Orange juice prices have climbed to fresh all-time highs amid persistent supply constraints, pushing the industry into crisis mode and forcing some makers to consider alternative fruits.

Prices of the breakfast staple have been climbing rapidly in recent years, partly driven by declining output in Florida — the main producer of orange juice in the U.S. — and climate-fueled extreme weather in the main orange producing areas of Brazil.

The South American agricultural powerhouse is the world’s largest producer and exporter of orange juice, which means it plays a hugely influential role in shaping the global industry.

The benchmark frozen concentrated orange juice futures, traded on the Intercontinental Exchange in New York, closed at $4.77 per pound on Wednesday. That’s nearly double the price registered a year ago.

Harry Campbell, a commodity market data analyst at research group Mintec, said that soaring orange juice prices have forced manufacturers and blenders to adapt to the situation by considering alternative fruit juices.

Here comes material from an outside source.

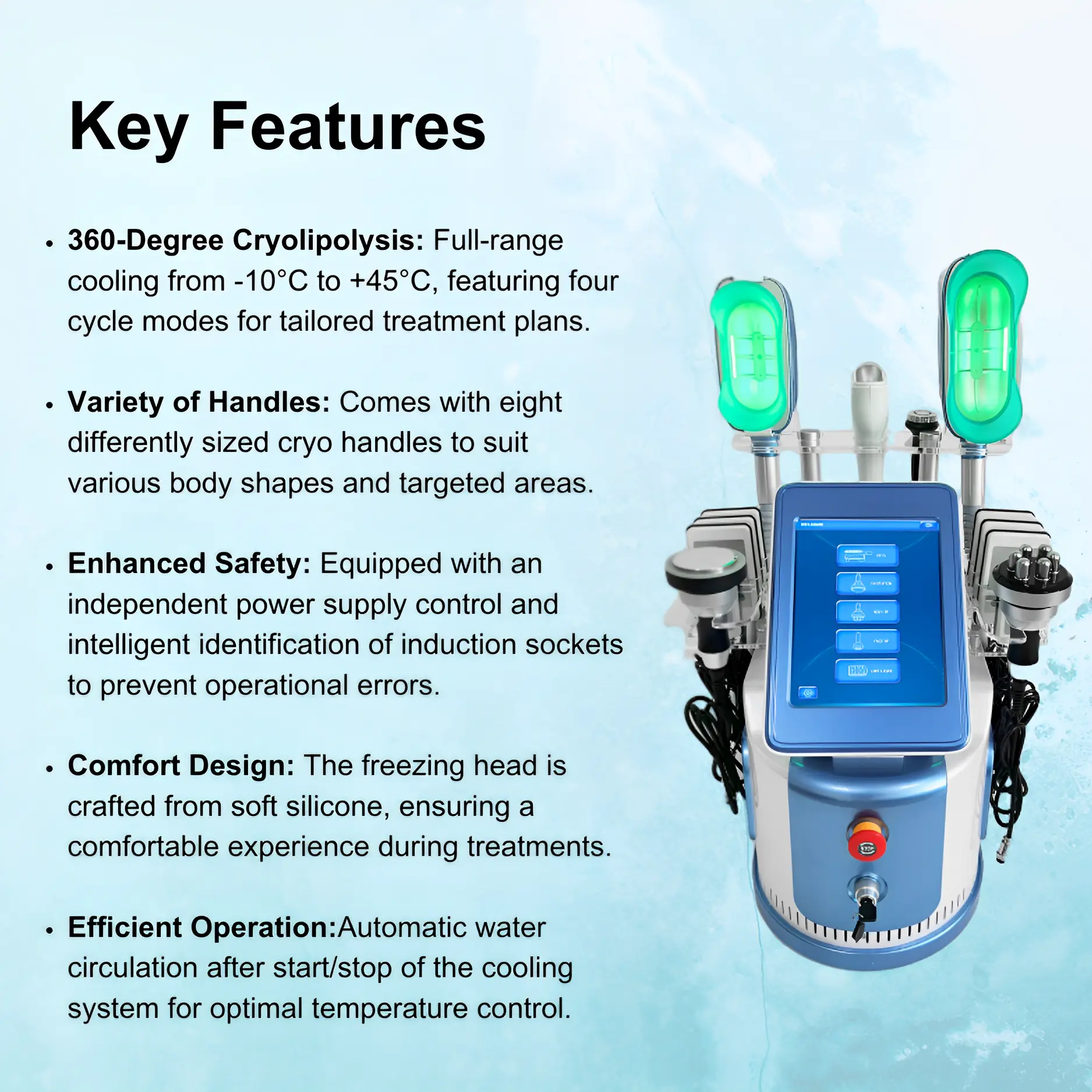 360-Degree Cryolipolysis:Full-range cooling from -10°C to +45°C, offering four cycle modes to accommodate personalized treatment plans.

“A lot of them will be changing the quantities of juice they are putting in their blends to drop the orange juice and increase other juices, such as pear juice, apple juice, grape juice, so they are less reliant on the orange juice,” Campbell told CNBC via telephone.

“It does seem like this [situation] is going to be here for the longer term,” he added, noting that some players in the orange juice market had observed a large drop in demand year-over-year.

“Until that point is reached where consumers are no longer willing to pay the premium for orange juice, because it is at such low supply, prices will continue to drive up,” Campbell said.

Research center Fundecitrus warned recently that excessive heat in Brazil last year meant the South American country was likely on track to register one of its worst orange harvests in more than three decades.

In a report published on May 10, the citrus growers organization forecast that Brazil was set to produce 232.4 million boxes of oranges (each weighing approximately 40.8 kilograms) in the 2024 to 2025 season. That represents a 24% decline when compared to the previous cycle.

Analysts say Brazil typically produces about 300 million boxes of oranges each cycle, although climate change has dramatically reduced crop production. Climate change is making extreme weather events more frequent and more intense.

Fundecitrus said a series of intense heatwaves in Brazil occurred at a critical phase of flowering and early fruit formation between September and November last year, substantially hampering production.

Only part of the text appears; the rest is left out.